A cada nova tragédia divulgada no Brasil e no mundo, as pessoas tendem a parar e refletir sobre o ocorrido e a manifestar sua indignação, aflorando seu lado mais “humano”, ou seja, suas emoções, entre elas a empatia, comportamento esse que não ocorre normalmente, afinal, no cenário em que vivemos dificilmente existe reflexão acerca das necessidades do outro.

Veja também:
§  Alegria em Meio a Dor Aqui
§  O Sofrimento dos Justos - Aqui



Quando tragédias ocorrem, como dito anteriormente, as emoções vêm à tona e nos tornamos mais sensíveis, servindo inclusive como momento de autorreflexão sobre a vida, nossa existência, nossa missão na Terra, nossa postura como pais, filhos e cristãos. Muitas pessoas se solidarizam nesses momentos de dor e sofrimento, querem ajudar as vítimas das tragédias, refletem e acabam reconhecendo sua mortalidade e, em alguns casos, chegam a sentirem-se impotentes. Por outro lado, quem vive a tragédia na pele costuma desenvolver transtornos emocionais graves como a depressão, o estresse pós-traumático, a síndrome do pânico e até doenças psicossomáticas.

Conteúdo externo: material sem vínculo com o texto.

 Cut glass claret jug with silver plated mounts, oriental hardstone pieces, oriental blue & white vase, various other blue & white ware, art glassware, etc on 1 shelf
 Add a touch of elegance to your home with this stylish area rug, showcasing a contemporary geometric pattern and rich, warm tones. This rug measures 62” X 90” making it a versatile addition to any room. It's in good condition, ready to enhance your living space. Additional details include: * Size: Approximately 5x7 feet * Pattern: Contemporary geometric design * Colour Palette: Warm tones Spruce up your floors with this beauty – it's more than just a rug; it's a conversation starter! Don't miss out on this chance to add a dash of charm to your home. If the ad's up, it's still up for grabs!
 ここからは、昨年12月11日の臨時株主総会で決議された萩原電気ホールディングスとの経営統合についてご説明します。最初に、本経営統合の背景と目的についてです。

Aqui, a primeira provocação que faço é: Você precisa se deparar com tragédias para se tornar mais humano, emocional e consciente do seu propósito?

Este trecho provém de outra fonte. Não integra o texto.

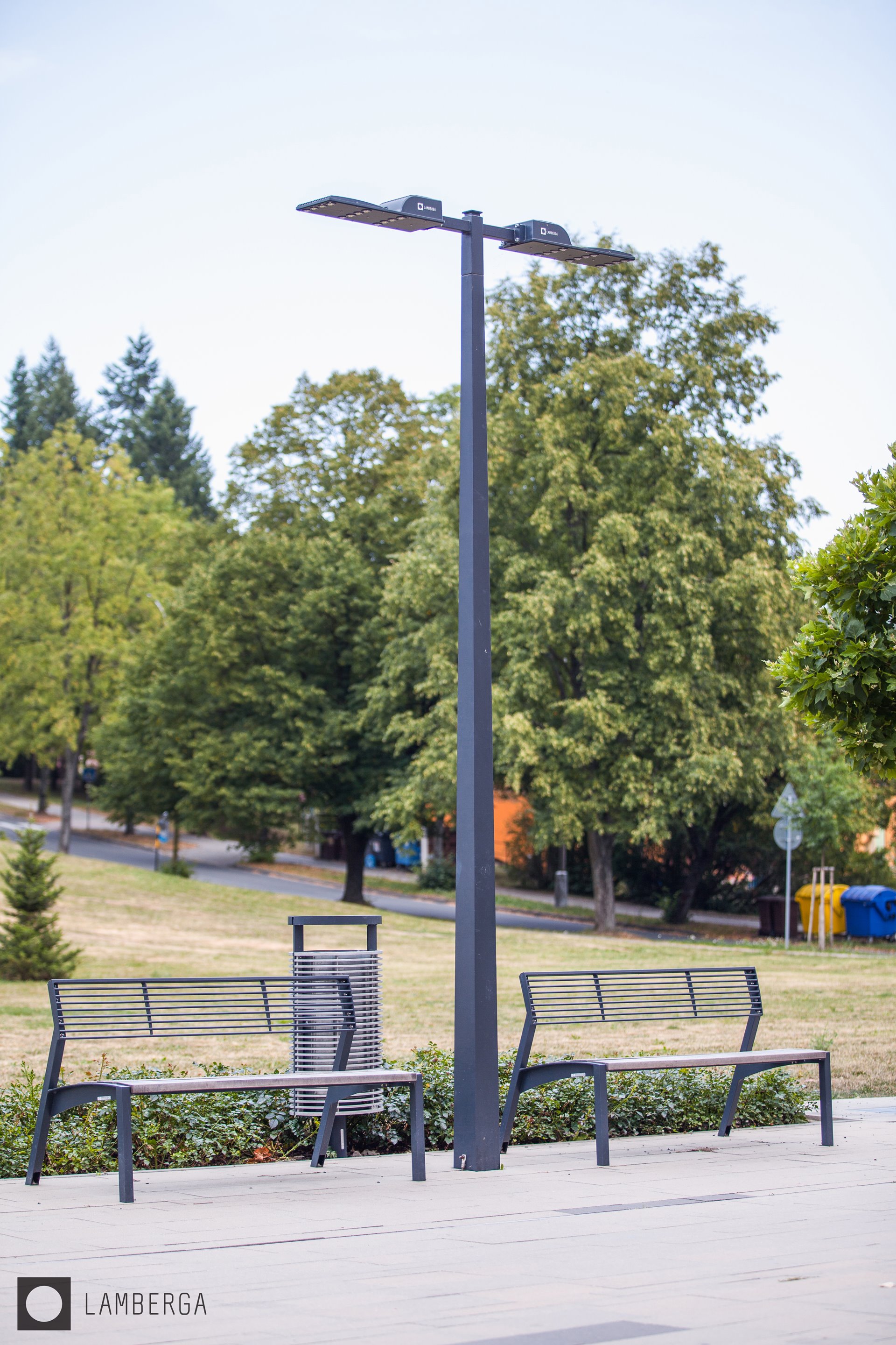 Svítidla LAMBERGA perfektně doplňuje městský mobiliář od českého výrobce mmcité. Nahlédněte do fotogalerie této aktuality.

É fundamental termos consciência sobre a nossa missão neste mundo. Viemos para fazer a diferença! Evangelizar é preciso! Nunca sabemos o dia de amanhã, o tempo e a vida estão nas mãos de Deus. Será que estamos fazendo a nossa parte enquanto seres humanos?

Quando o homem depara-se com as suas limitações, sua fragilidade humana e as reconhece, ele pode se aproximar mais do próximo, mesmo vivendo inserido em um mundo que apresenta constantemente características desumanizadas em que o egoísmo (aquele que pensa somente em si) e o egocentrismo (pessoa que acha que o mundo gira em torno de si) transbordam as relações humanas, afinal cada vez mais se vive o “ter” o e não o “ser”, intensificando o desafeto. Mesmo assim, se aproximar do próximo é a melhor escolha. Ser workaholic e estar sempre na correria, muitas vezes com a justificativa de ser o melhor para a família, é extremamente comum hoje em dia, porém, valorizar o ser-humano é fundamental, e na prática é o que nos aproxima do nosso verdadeiro propósito.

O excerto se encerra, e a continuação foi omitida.